Gambling is an activity where you bet on something of value, such as a horse race or football match, with the hope of winning. It can be done for many reasons, including socialising, escaping worries or stress or to get an adrenaline rush. For some people, gambling can become a problem and it is important to know the signs of a gambling addiction. These include betting more than you can afford to lose, borrowing money and feeling addicted to the thrill of gambling.
The reason why some people gamble more than others is because of how it affects the brain. When we gamble, the brain produces dopamine, a neurotransmitter that makes us feel happy and excited. This can be addictive, because over time it leads to us seeking more pleasure from gambling than we would do from other activities.

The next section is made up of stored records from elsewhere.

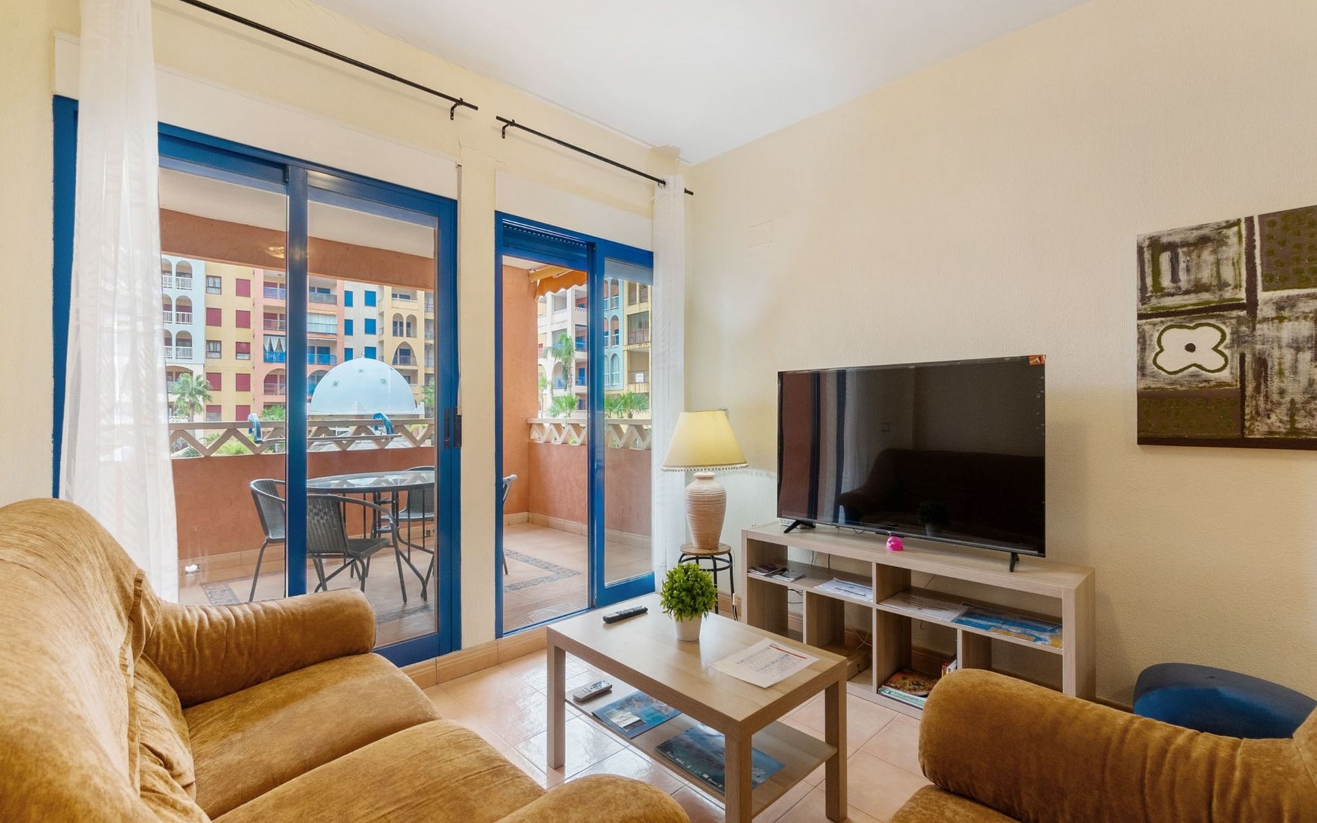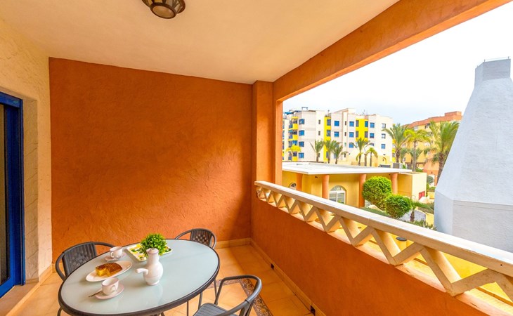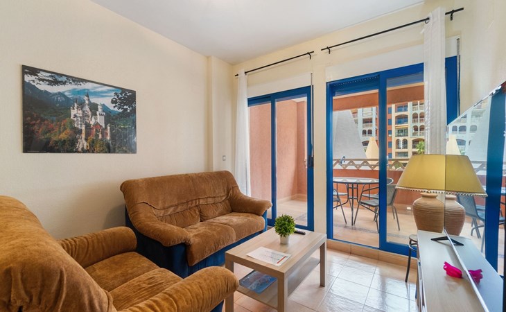 Comfortable residence "Verdemar". In a quiet, sunny position, 50 m from the sea, 50 m from the beach. For shared use: 2 swimming pools heated (35 x 20 m, depth 170 cm, seasonal availability: 15.Jun. - 15.Sep. and 25.Oct. - 01.Apr.). Children's pool, outdoor shower, hot tub. In the complex: fitness room, lift. Roofed, parking at the house. Supermarket 500 m, restaurant, bar, café 80 m, bus stop 400 m. Sports harbour 4 km, golf course (18 hole) 10 km. Nearby attractions: Cartagena 30 km. The owner does not accept any youth groups. Neighbourhood highly sensitive to noise. Quietness and good behaviour expected.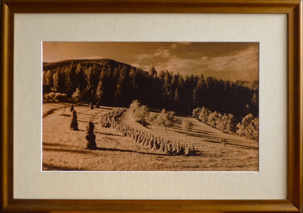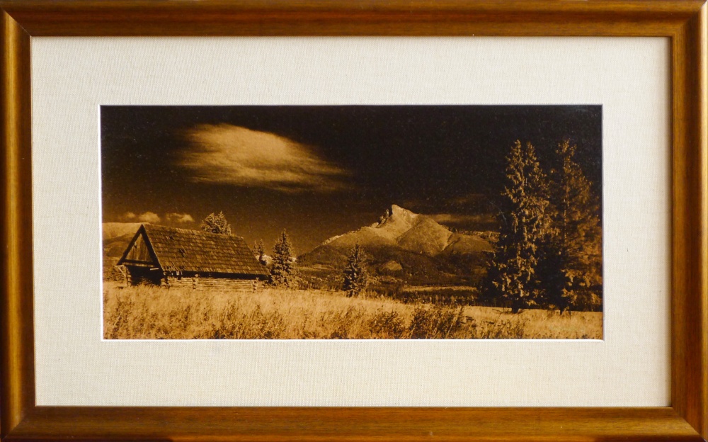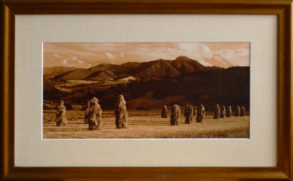 Sú to obrazy Vysokých Tatier a slovenskej krajiny kde človeka síce nevidieť ale je ho tam cítiť, tie typické kôpky sena, staré senníky, úzke políčka....no a následne tónovanie sépiou a 24 karátovým zlatom.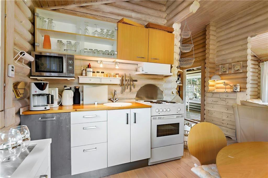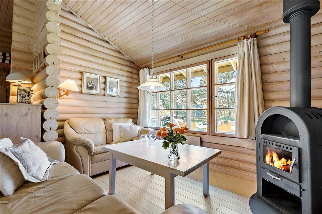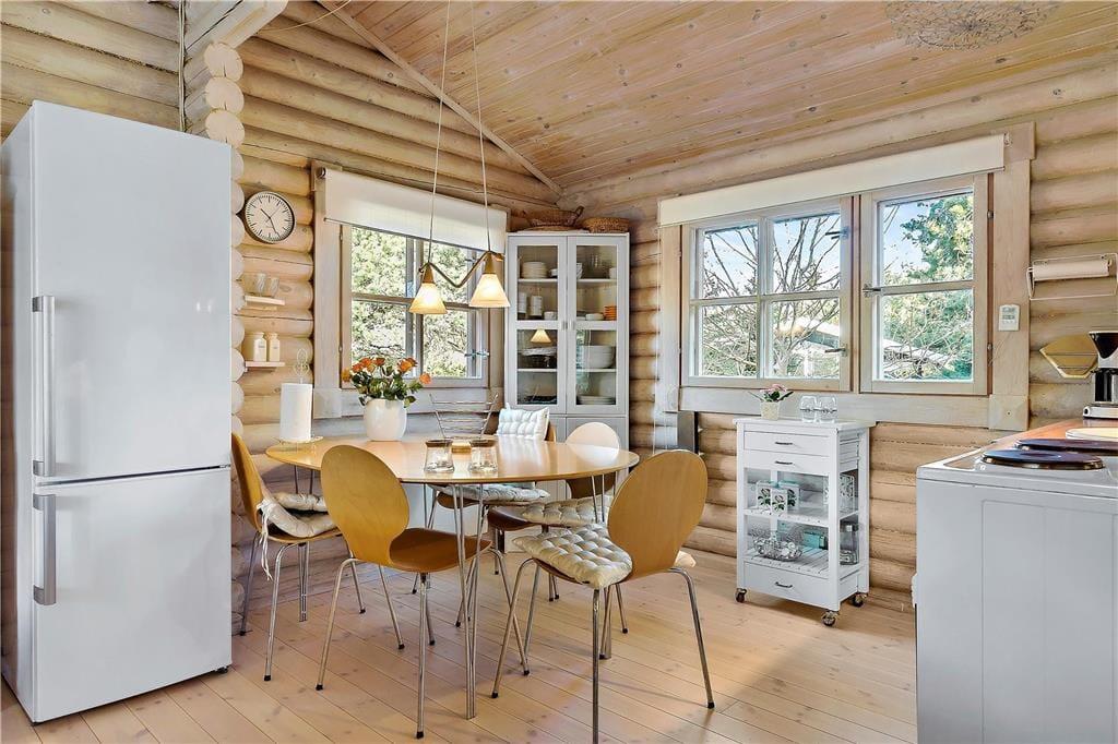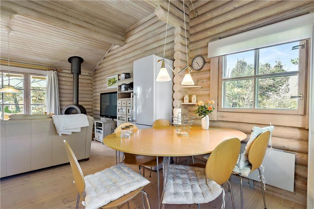 Dein helles Blockhaus mit hohen Decken verzaubert mit einer richtig schönen Ferienhausatmosphäre. Am runden Tisch in der offenen Küche kannst du früh am Morgen in aller Ruhe den ersten Kaffee des Tages genießen. Das Frühstück für deine Familie servierst du hingegen sicherlich gern am weißen Esstisch auf der geschlossenen, überdachten Terrasse. Eure gemütlichen Abende auf dem Sofa untermalt der davor platzierte Kaminofen mit seinem flackernden Feuerschein und seiner behaglichen Wärme.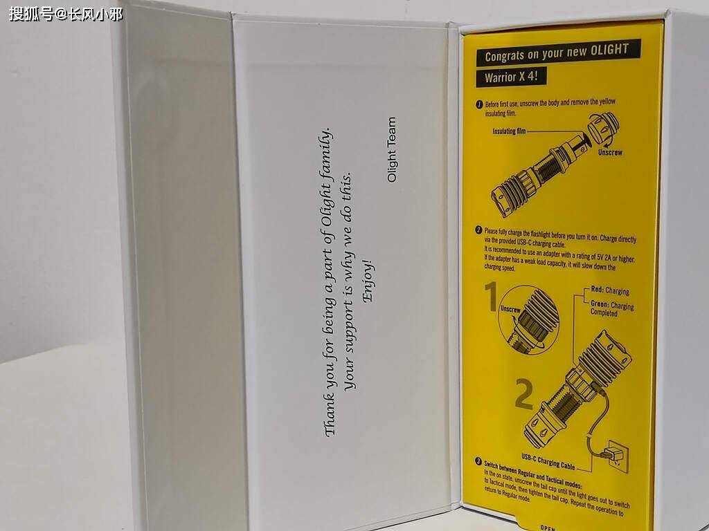磁吸式开盖设计非常有仪式感,内部金黄的标签非常醒目,其上印有快速使用和充电指南,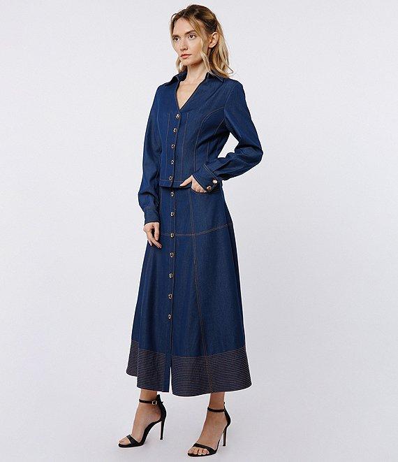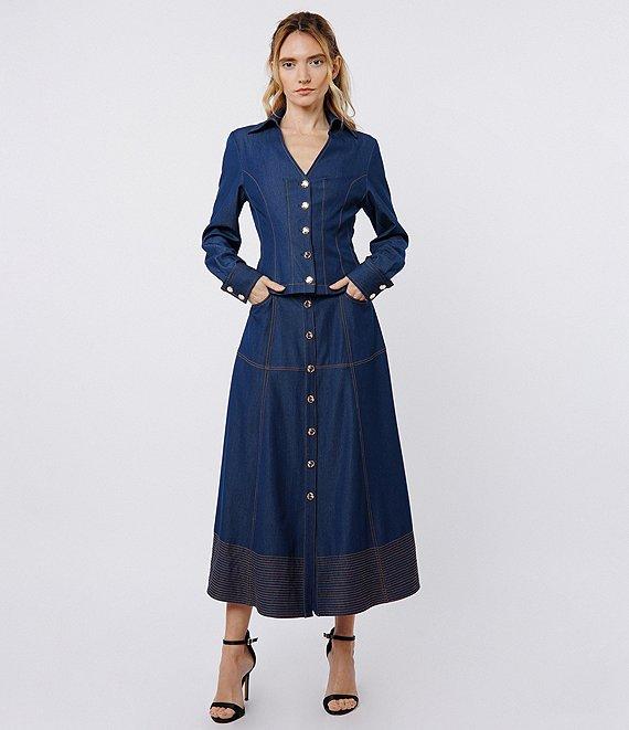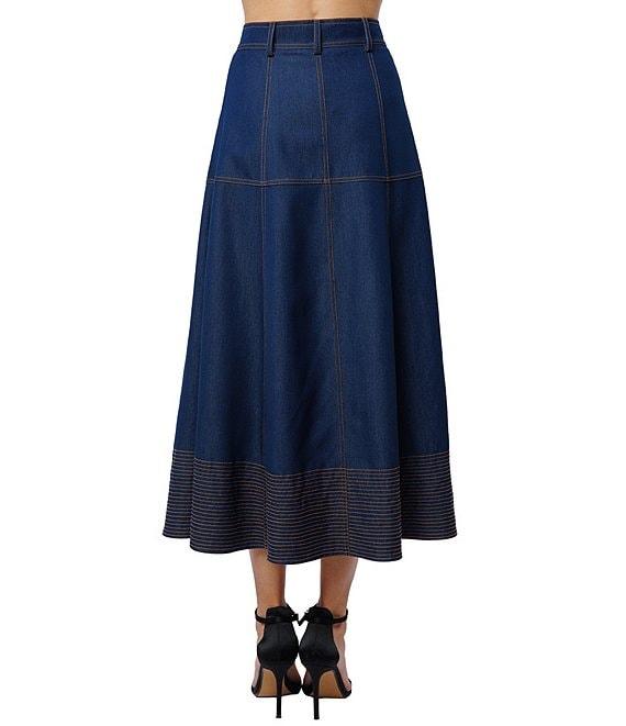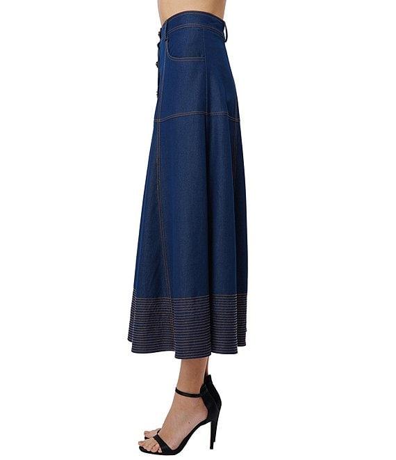 From CIEBON, this skirt features: Denim fabrication A-line silhouette High waist Slant front pocket Paneled seam Top stitching at hemline detail Unlined Structured hemline Metal buttons Button front closure Approx. 34.25" length Lyocell/rayon/spandex Hand wash Imported.

Some people can develop a gambling disorder because of genetic factors and coexisting mental health conditions. For example, some studies of identical twins have shown that there is a genetic link to gambling disorders. In addition, people who have anxiety or depression may be more likely to suffer from a gambling problem, and some people with PTSD find relief through gambling.
Many problems with gambling can be prevented by setting limits and following self-help tips. It is also important to recognise when the urge to gamble becomes problematic and seek help when necessary. You can find support in a number of ways, including talking to a friend or family member, calling a helpline or attending a gambling self-help group such as Gamblers Anonymous.
Another way to help yourself is to try and replace the urge to gamble with healthy behaviours. It is helpful to think about what you do when you have the urge to gamble and consider healthier alternatives, such as exercise, spending time with friends who don’t gamble, or trying a new hobby. You could also try relaxing techniques or meditation to help ease the symptoms of stress and anxiety.
When you do decide to gamble, set yourself a time limit and leave when you have reached this, whether you are winning or losing. Never gamble with money that you need to save or spend on bills and rent, and make sure you balance gambling with other enjoyable activities. Avoid chasing losses, as the more you bet in order to win back your losses, the more likely you are to make bigger losses.
People can be secretive about their gambling, lying to friends and family about how much they are spending or hiding evidence of their gambling activities. This can be difficult to break, but there is help out there. You can talk to a doctor, who may suggest cognitive behavioural therapy (CBT) to address the beliefs and habits that lead to gambling problems. This includes thinking that you are more likely to win than you really are, believing that certain rituals can bring luck and that you can recoup your losses by betting more.